Table 3. Some good translation outputs from different models across different domains

Besides that, our model however couldn't perform well in some examples below.

En2Vi
    Input: Serum paraquat concentration was determined the effective values in estimating the severity and dead prognosis.
    
    Groundtruth: Xét nghiệm định lượng paraquat huyết tương có giá trị tốt trong chẩn đoán mức độ nặng và tiên lượng tử vong.
    
    M2M100: Nồng độ paraquat huyết thanh đã được xác định các giá trị hiệu quả trong việc ước tính mức độ nghiêm trọng và dự báo tử vong.
    
    Ours (MTet): Nồng độ fructose huyết thanh đã được xác định giá trị hiệu quả trong đánh giá mức độ nặng và tiên lượng tử vong.

Vi2En
    Input: Dị vật đường ăn là một cấp cứu trong lĩnh vực Tai Mũi Họng, kiến thức của quần chúng nhân dân về dị vật đường ăn còn một số hạn chế.
    
    Groundtruth: Foreign body ingestion is an emergency in otology, knowledge of people about foreign bodies ingestion is not enough.
    
    M2M100: Sugar minerals are an emergency in the field of Nose throat, the knowledge of the people's masses of food minerals is some limited.
    
    Ours (MTet): Meal-sugar herniation is an emergency in ENT, knowledge of people about food-sugar herniation is limited.

En2Vi
    Input: Disputes arise not from commercial activities specified in Clause 3, Article 2 of this Ordinance.
    
    Groundtruth: Tranh chấp phát sinh không thuộc hoạt động thương mại được quy định tại khoản 3 Điều 2 của Pháp lệnh này.
    
    M2M100: Tranh chấp không phát sinh từ các hoạt động thương mại quy định tại khoản 3 Điều 2 của Quy định này.
    
    Ours (MTet): Tranh chấp không phát sinh từ hoạt động thương mại quy định tại khoản 3 Điều 2 của Pháp lệnh này.

Vi2En
    Input: Không được sử dụng nguồn vốn sự nghiệp không có tính chất xây dựng cơ bản để đầu tư xây dựng mới, hoặc mở rộng.
    
    Groundtruth: It is forbidden to use the service capital without a capital construction character to invest in new constructions or in expansion.
    
    M2M100: Do not use funds of non-fundamental construction nature for new construction, or expansion investments.
    
    Ours (MTet): Non-business capital sources other than capital construction capital must not be used for investment in new construction, expansion.

En2Vi
    Input: You're the man in the middle, who else would I strong arm?
    
    Groundtruth: Anh là người trung gian, không gây áp lực với anh thì với ai?
    
    M2M100: Bạn là người đàn ông ở giữa, ai khác tôi mạnh tay?
    
    Ours (MTet): Ông là người đàn ông ở giữa, còn ai khác có thể giúp tôi bắn?

Vi2En
    Input: Dân chúng tôi cũng sẽ được hưởng lợi như người của cô từ vụ mùa bội thu
    
    Groundtruth: Our people, as much as yours, will benefit from a good harvest.
    
    M2M100: Our people will benefit as well as yours from the harvest.
    
    Ours (MTet): We will also benefit like your men from the harvest.

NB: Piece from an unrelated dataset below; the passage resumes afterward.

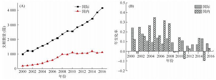 (A. 2000—2016年各年国内外年总文献刊发情况;B.国内外文献年刊发环比变化态势) 图 1 国内外年发文量及变化情况 Fig. 1 Total amounts and changes of domestic and foreign documents on soil heavy metals |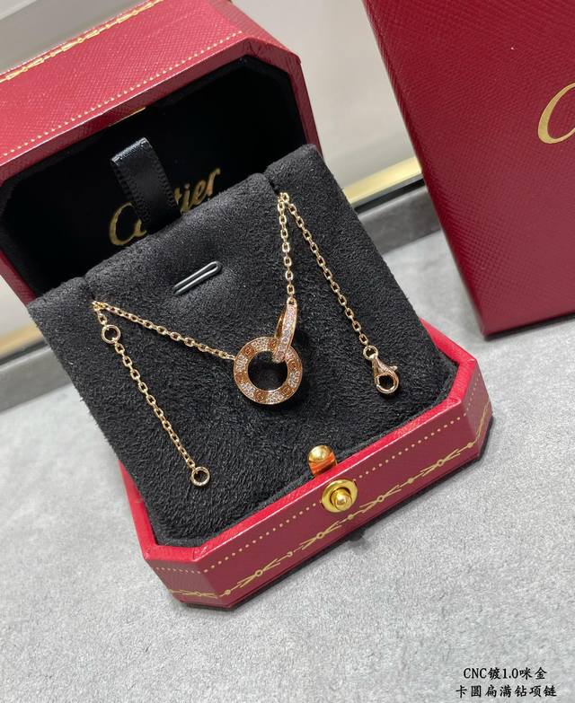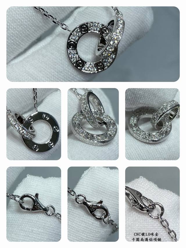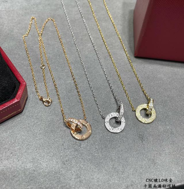 V Gold Plated Cartier Classic Round Double Ring Necklace (Cnc version), reversible, real photos, high-end customization. See the chain tag, engraving, and craftsmanship. An original replica, no problem entering a boutique. High-carbon diamond, luxurious and high-end, 1:1 logo tag, excellent value for money, perfect for personal use or as a gift.

Table 4. Some bad translation outputs from different models across different domains

Our detailed data statistics can be found here.

Refer to this work

@article{mTet2022,
        author  = {Chinh Ngo, Hieu Tran, Long Phan, Trieu H. Trinh, Hieu Nguyen, Minh Nguyen, Minh-Thang Luong},
        title   = {MTet: Multi-domain Translation for English and Vietnamese},
        journal = {https://github.com/vietai/mTet},
        year    = {2022},
}

Acknowledgement

Special thanks to Đào Lê Dũng, Nguyễn Trần Khang, Như Mai, Sáng Lê for their contributions to our web scraping efforts, and Phan Huy Hoàng, Vũ Trí Hậu for building this landing page.

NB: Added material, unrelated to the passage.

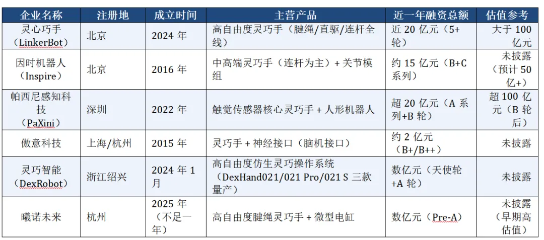 ·曦诺未来(杭州)成立不足一年即完成Pre-A轮数亿元融资,展现灵巧手赛道早期热度。

We would like to thank the Google TPU Research Cloud (TRC) program, Soonson Kwon (Google ML Ecosystem programs Lead) and Ba Ngoc Nguyen (Google Developer Experts in ML) for their support. This project also receives generous support from Cohost.ai, specifically Mr. Kim Cuong Pham, and dataset.vn, for managing and labeling our multi-domain test data. We appreciate the effort of volunteers who refine the multi-domain test dataset: Hàn Thọ Hoà, Trần Viết Đình, Dương Ngọc Doanh, Nguyễn Bùi Thiên Anh, Nguyễn Công Khanh, Triệu Khắc Đức, Trần Thị Lành, Hoàng An, Hữu Doanh, Ngọc Khánh, Trọng Văn, Huỳnh Anh, Thu Huyền.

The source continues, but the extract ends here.